Thursday, October 26, 2017

NZ VET research forum - DAY 1

Notes taken at the annual NZ Vocational Education and Training research conference. Held in Wellington as usual and my annual opportunity to catch up with NZ VET researchers.

The conference opens with a whakatua and welcome from Josh Williams CE of the Industry Training Federation (ITF). Josh, in his usual style, summarised the intent of the conference and reminded the participants to keep their eyes / ears out any major announcements!

Professor Stephen Billett sets the pace with his keynote on Emerging goals for Vocational Education and responsive curriculum and pedagogic practices.

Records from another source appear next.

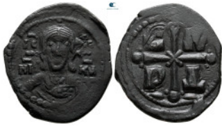
1489 Romanus IV, Diogenes AD 1068-1071. Constantinople Follis Æ 30 mm, 8,40 g v ery fine 10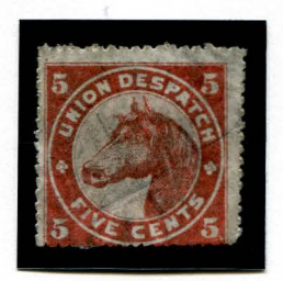
170L1 GENUINE 5¢ BROWNISH RED ON WHITE

These mysterious stamps were long considered bogus. The excess of forgeries and extreme rarity of real stamps made it suspicious to many collectors. Recorded in philatelic journals as early as 1875, the stamps were not listed as genuine in the Scott Specialized Catalogue until 2018. The genuine stamps can be identified by a background of very thin (almost invisible) vertical lines behind the horse head in the center of the design, and irregular perforation.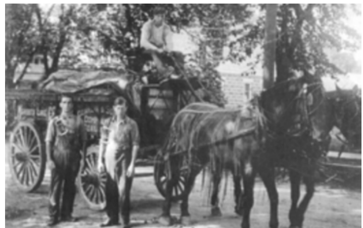
Hauling ice in Madison in the early 1900's. The ice was cut on the Four Lakes, stored in ice houses insulated with sawdust, and the "ice man" would bring blocks of ice to homes and businesses.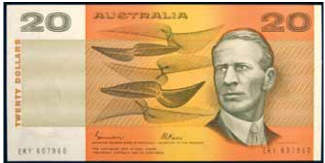
3154* Twenty dollars , Johnston/Fraser (1985) EKY 607960 (R.409b) gothic serials. Uncirculated and scarce. $500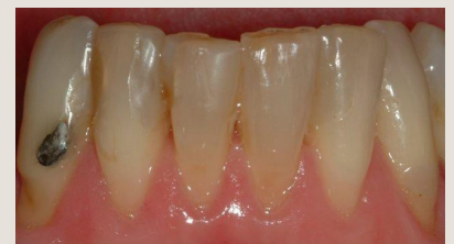
Examples of silver fillings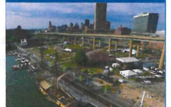
Visit to Buffalo's Canalside

Firstly, build his case, summarising the need to ensure we better understand pedagogy at work due to the ongoing pace of change taking place now in types of work and how work is in turn constituted. There is growing focus on job readiness, contextualisation to local needs, requirements to understand ‘difficult, work and need to have greater self directed learning and lifelong learning. Recommends, job readiness needs to also ensure learners have opportunities to learn different ways the occupation may be enacted. Educational goals include canonical knowledge and situational manifestations. Reiterated that expertise is situational. Defined how hard to learn knowledge, especially as work shifts from tactile to symbolic e.g. mechanical to CNC lathes. Through most of history, occupational learning has been through practice. 
Responsive curriculum and pedagogies assist through provision of authentic, purposeful workplace learning experiences; educational institution based experiences through simulations, story telling, projects, etc.; integrating workplace experiences - esp. before, during and after; post-work experience augmentation; learning of symbolic and conceptual knowledge; and promoting the development of active engagement by learners. 

After morning tea, the concurrent sessions begin.

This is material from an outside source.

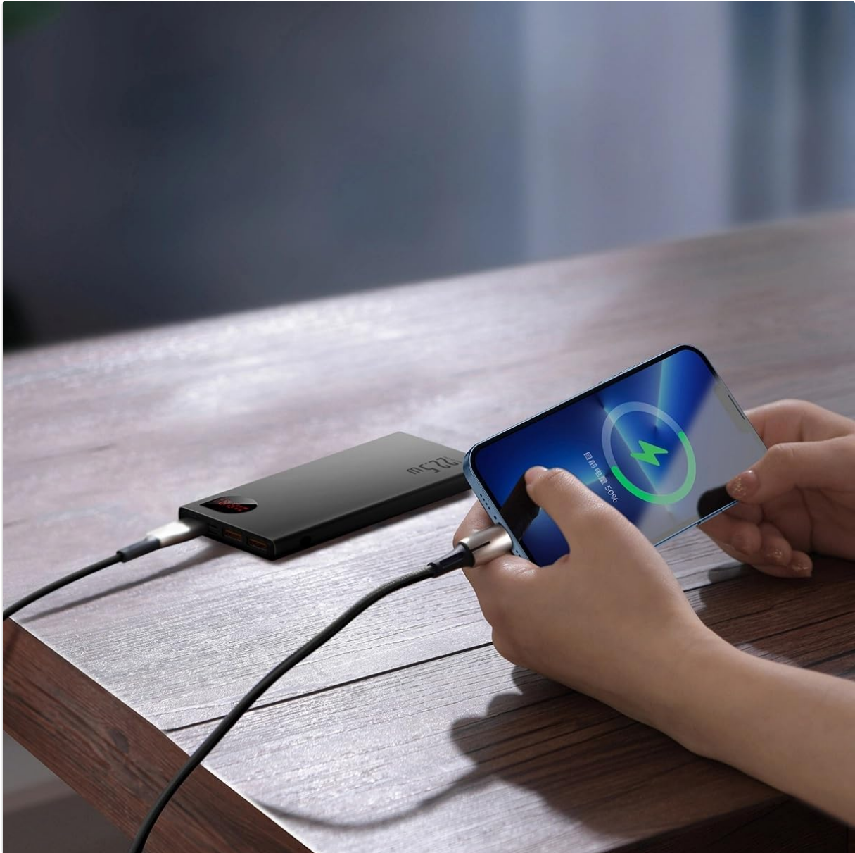
Image: A smartphone being charged by the Baseus Adaman Power Bank, demonstrating the device's charging capability for mobile phones.

I attend session with Sean Squires from Toi-Ohomai - Institute of Technology - Tauranga, who is head of Automotive Engineering, on designing and delivering Vocational training programs to meet the need of future workplaces. advocates the need to ensure learners are able to find, evaluate and apply knowledge rather than memorise information. Need to find out what industry needs. Provide students with tools to learn. Flexibility and innovation enables connectivity between learners, trainers and industry. Shift from text to digital and multimedia / multi modal. Trust between employer, trainer and apprenticeship important. Surmises that there is a need to have humans undertake teaching as AI and robots may not be able replicate the individuality of trades learning.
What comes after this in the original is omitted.